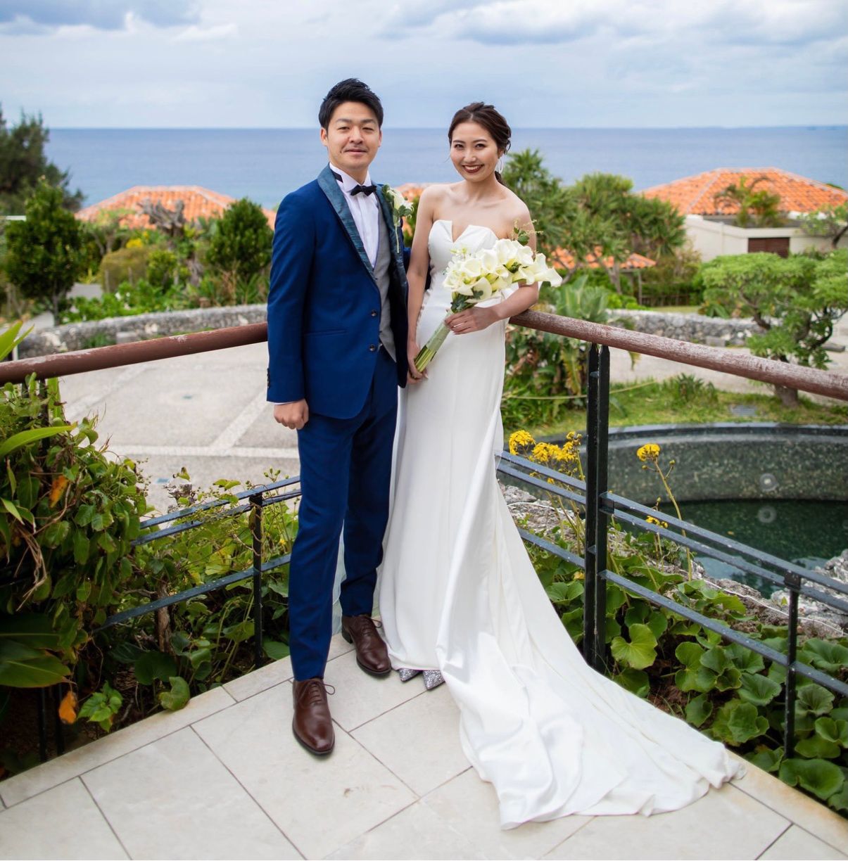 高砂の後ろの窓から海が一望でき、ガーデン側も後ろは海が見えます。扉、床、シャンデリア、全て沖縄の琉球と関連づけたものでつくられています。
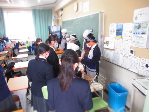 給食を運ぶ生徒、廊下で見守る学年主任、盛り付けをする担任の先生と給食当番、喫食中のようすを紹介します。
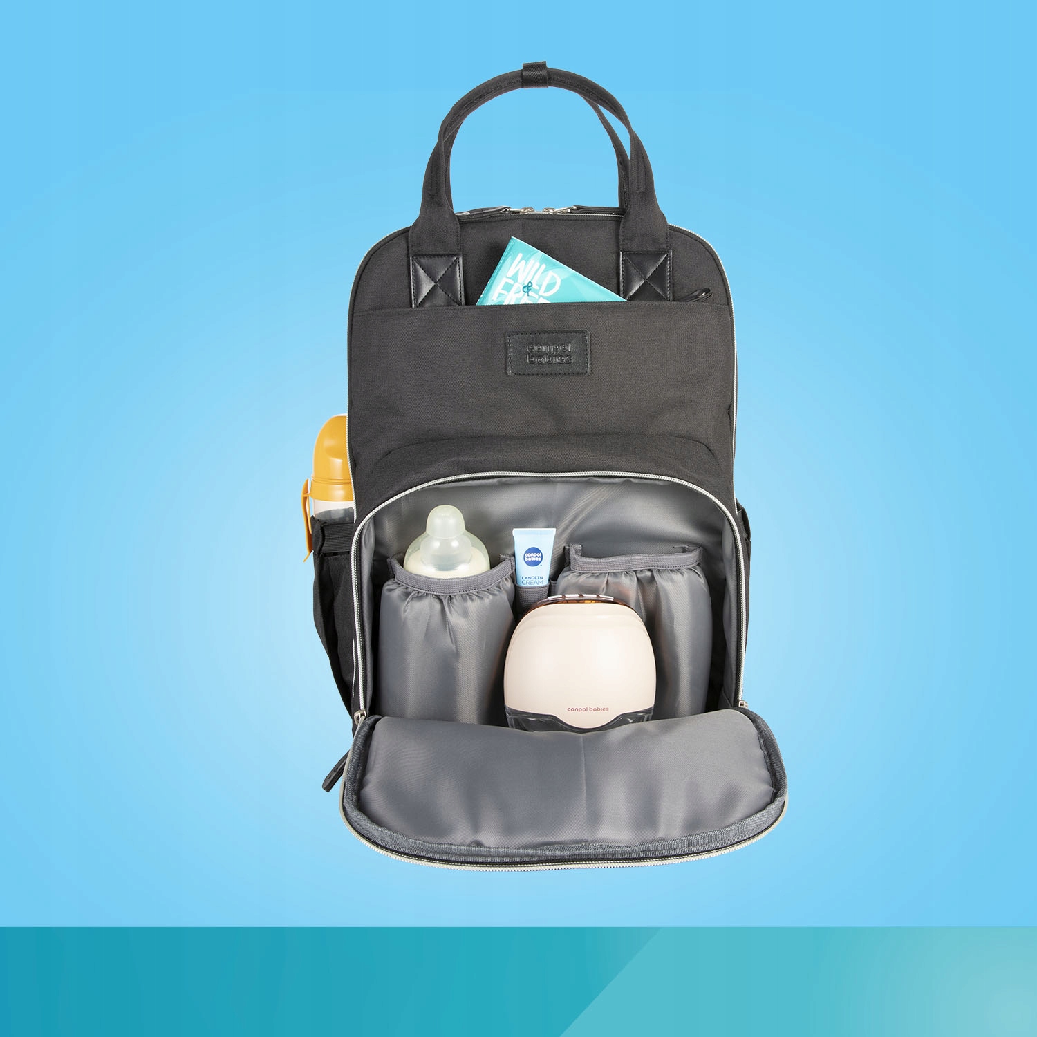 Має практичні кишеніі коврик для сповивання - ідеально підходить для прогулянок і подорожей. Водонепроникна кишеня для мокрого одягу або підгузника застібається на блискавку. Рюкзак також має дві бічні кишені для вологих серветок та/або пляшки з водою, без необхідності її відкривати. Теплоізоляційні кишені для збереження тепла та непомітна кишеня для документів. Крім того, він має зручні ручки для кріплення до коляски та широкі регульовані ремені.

* * *

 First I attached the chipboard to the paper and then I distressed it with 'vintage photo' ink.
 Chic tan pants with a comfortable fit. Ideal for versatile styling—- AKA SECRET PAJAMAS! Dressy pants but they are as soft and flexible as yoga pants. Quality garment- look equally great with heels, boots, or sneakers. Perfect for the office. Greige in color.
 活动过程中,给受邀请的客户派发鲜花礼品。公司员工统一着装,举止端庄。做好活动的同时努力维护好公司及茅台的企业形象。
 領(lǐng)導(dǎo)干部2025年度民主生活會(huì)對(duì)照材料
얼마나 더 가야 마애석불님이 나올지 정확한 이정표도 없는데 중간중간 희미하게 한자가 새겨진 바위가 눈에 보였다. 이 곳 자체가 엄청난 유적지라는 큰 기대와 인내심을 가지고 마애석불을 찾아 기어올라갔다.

What to work on: In the data above, find the line with "高砂の後ろの窓から海が一望で" and the line with "Має практичні кишеніі". Please copy exactly those two lines and every line between them, but not the pictures.

Your response:
 高砂の後ろの窓から海が一望でき、ガーデン側も後ろは海が見えます。扉、床、シャンデリア、全て沖縄の琉球と関連づけたものでつくられています。
 給食を運ぶ生徒、廊下で見守る学年主任、盛り付けをする担任の先生と給食当番、喫食中のようすを紹介します。
 Має практичні кишеніі коврик для сповивання - ідеально підходить для прогулянок і подорожей. Водонепроникна кишеня для мокрого одягу або підгузника застібається на блискавку. Рюкзак також має дві бічні кишені для вологих серветок та/або пляшки з водою, без необхідності її відкривати. Теплоізоляційні кишені для збереження тепла та непомітна кишеня для документів. Крім того, він має зручні ручки для кріплення до коляски та широкі регульовані ремені.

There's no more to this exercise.